Braised pork spare ribs, falling off the bone, sits with tender banana stalks in a rich broth of lemongrass, galangal and kaffir lime.
The deceptively simple broth is served with a Chilli Cocktail which is comprised of grandma Jinns, Shiraz, homemade chilli syrup, rosella juice and fresh bird’s eye chilli…not for the faint hearted!
Mob Poo, Abb Pla & Nam Prik Ba Khua with Kaffir Lime Cocktail
As the rice begins to swell and grow, once-barren paddy fields become lively ecosystems filled with edibles at a time when traditionally farmers enjoy some of the best nature offers. Whether it is vegetables, fish, crabs or prawns, the rice fields are teeming with life, allowing farmers to eat well.
Inspired by the blooming season, classic Northern mob pu is a rich crab broth which wafts sweet aromas. Served with roasted rice and seasonal vegetables, there is also a slice of marinated grilled Siam red tail catfish in chilli paste and a spicy eggplant dip to round off this rather wonderful course.
With so much going on from this dish, the pairing cocktail is kept simple. Lanna vodka is mixed with Prosecco Brut and homemade kaffir lime syrup topped with some jaunty and fresh Vietnamese leaves and mint leaves.

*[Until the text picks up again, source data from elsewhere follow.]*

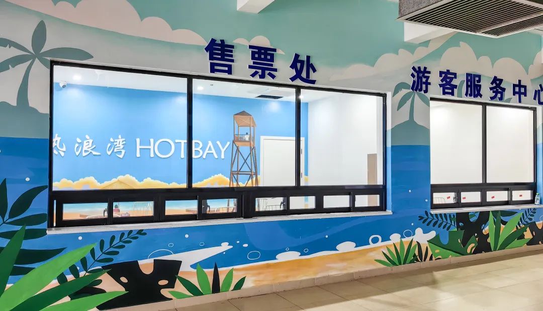 海洋風(fēng)景主題墻繪的游客服務(wù)中心,配有冷熱水沖涼房、自助售票區(qū)域和寄存物品區(qū)域,并對周邊區(qū)域景觀進(jìn)一步提升,打造出獨(dú)具特色的濱海特色城市園林景觀。
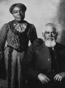 In 1870, Samuel and Amanda migrated to Utah with her brother Edward and his wife, along with Samuel's teenaged son, Peter.[8] The cost of the journey had required them to save their money for four years. To make the long trip, they used an ox-drawn wagon.[6] They arrived in Salt Lake City on April 27, 1870.[1] When they arrived, Utah was home to only 118 African Americans.[7] During this time, Black members of the Church were prohibited from being ordained to the Priesthood.[9] The Chambers quickly became involved with the activities of the Eighth ward, Samuel receiving a calling as an assistant deacon, and Amanda becoming a Relief society "deaconess".[10] They were also assigned custodial duties and the helped care for the buildings of the church.[9] They became very successful in fruit and berry cultivation.[11] In 1875, Amanda was baptized into the church, after living in Utah for 5 years.[1] Both Samuel and Amanda received their patriarchal blessings on September 5, 1874, from patriarch John Smith.[12] The Chambers were known for being very active in the Church, despite racial discrimination.[4]
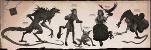 AM: Many of your pieces are of anthropomorphic creatures, such as your character sketches for Aiden and Darcia. How do you approach a balance of the animal/creature side with the human look and feel? Are there many iterations before you settle on how a character looks?
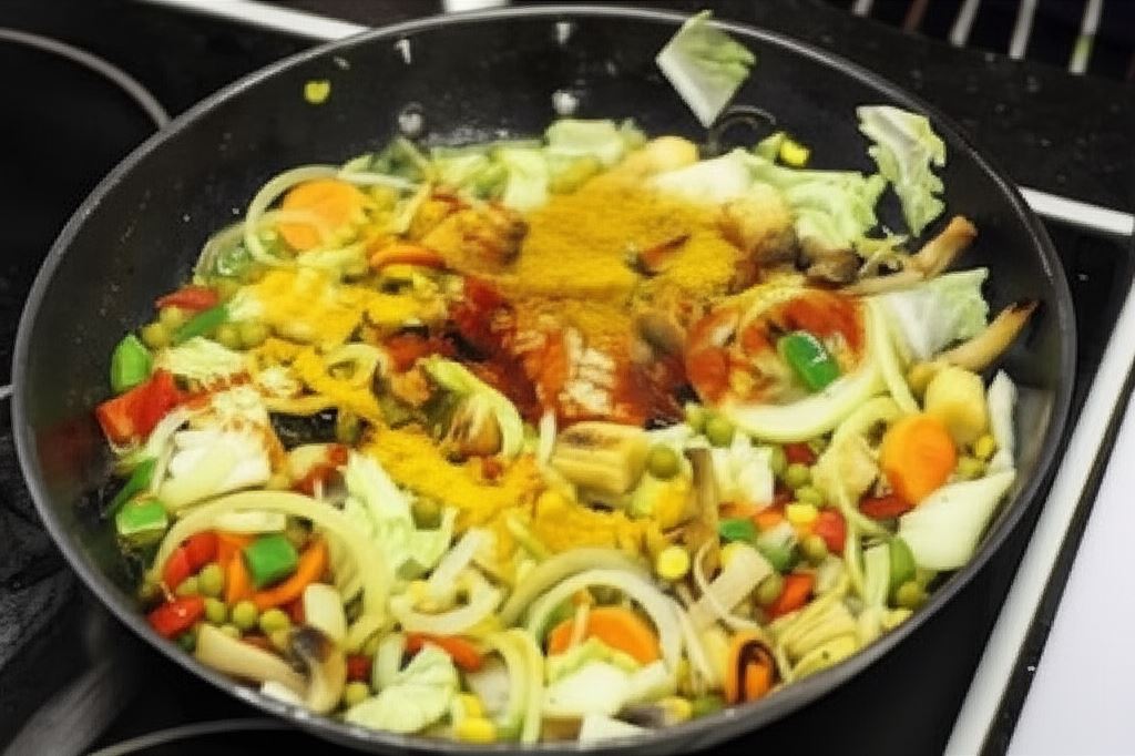 Wlej pół szklanki wody, kostkę Knorr oraz curry i chili. Gotuj na małym ogniu, aż warzywa będą miękkie.

Khao Mao with Ice Cream Mak Mao and Saa To Cocktail
It is harvest time! Time for fun and festivities to celebrate a successful crop which will support the family for the coming year. Flowers are in bloom as winter nears, and this is the perfect season to draw inspiration from to create a delicious dessert dish.

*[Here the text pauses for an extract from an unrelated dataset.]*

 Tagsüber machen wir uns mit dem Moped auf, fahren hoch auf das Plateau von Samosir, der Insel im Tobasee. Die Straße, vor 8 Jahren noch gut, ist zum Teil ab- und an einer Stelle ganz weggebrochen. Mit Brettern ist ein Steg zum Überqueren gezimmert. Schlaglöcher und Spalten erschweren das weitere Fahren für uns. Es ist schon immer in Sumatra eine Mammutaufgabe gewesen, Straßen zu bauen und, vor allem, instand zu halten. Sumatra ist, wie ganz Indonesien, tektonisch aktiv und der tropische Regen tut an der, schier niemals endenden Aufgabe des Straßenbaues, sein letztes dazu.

There is now plenty of rice so rice is the hero of this dish. Mixed pounded unripe rice with soy bean filling is served with Thai blueberry and coconut ice cream.
This dish is paired with a saa to ice cream. Saa to is jasmine rice rum and when a splash of sweet and rich Khalua is added, along with a pinch of organic coffee, some syrup, wild berry purée, fresh wild berry and milk…well…it is simply lip-smacking!
You can indulge in this four course extravaganza for only one night, on the 29th of October, at Khu Khao Restaurant, Raya Heritage Resort.
In house guests will also be able to enjoy both a pottery workshop and a weaving workshop, both of which the hotel offers to its guests as an added experience to their stay.
Craft & Cuisine Pottery Pairing Dinner at Khu Khao Restaurant, Raya Heritage Chiang Mai will be held on 29th October 2022 from 6pm-10pm.